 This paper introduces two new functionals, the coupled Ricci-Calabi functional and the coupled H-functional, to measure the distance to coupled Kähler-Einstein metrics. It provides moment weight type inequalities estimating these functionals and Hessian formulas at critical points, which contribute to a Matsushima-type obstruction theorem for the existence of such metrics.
--
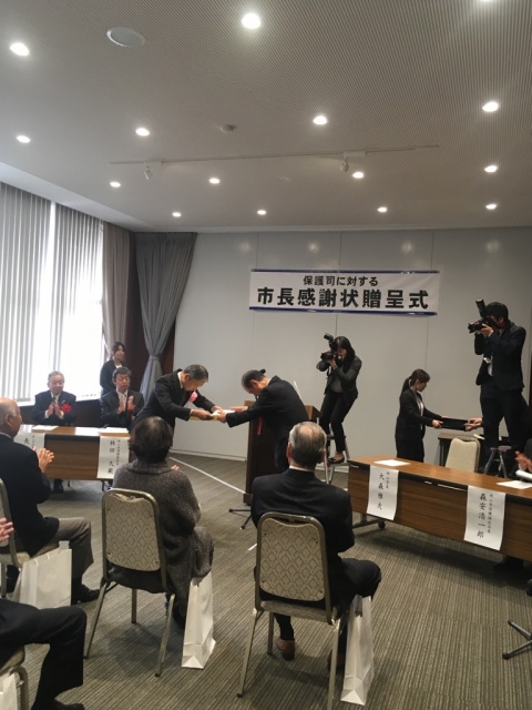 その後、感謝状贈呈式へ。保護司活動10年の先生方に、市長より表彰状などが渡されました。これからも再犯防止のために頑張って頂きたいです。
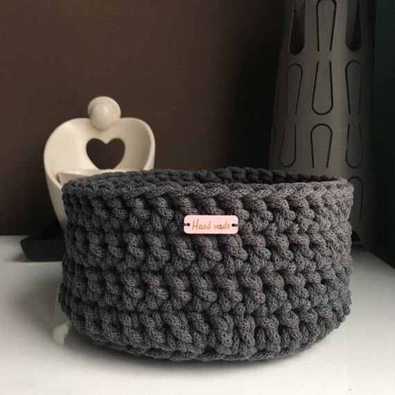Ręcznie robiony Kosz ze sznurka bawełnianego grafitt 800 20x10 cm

## Task to carry out
Because only one stretch of the records is wanted, please output the lines from the one holding "その後、感謝状贈呈式へ。保護" through the one holding "Ręcznie robiony Kosz" exactly, both included, and leave every picture out.

## Response to this exercise
 その後、感謝状贈呈式へ。保護司活動10年の先生方に、市長より表彰状などが渡されました。これからも再犯防止のために頑張って頂きたいです。
Ręcznie robiony Kosz ze sznurka bawełnianego grafitt 800 20x10 cm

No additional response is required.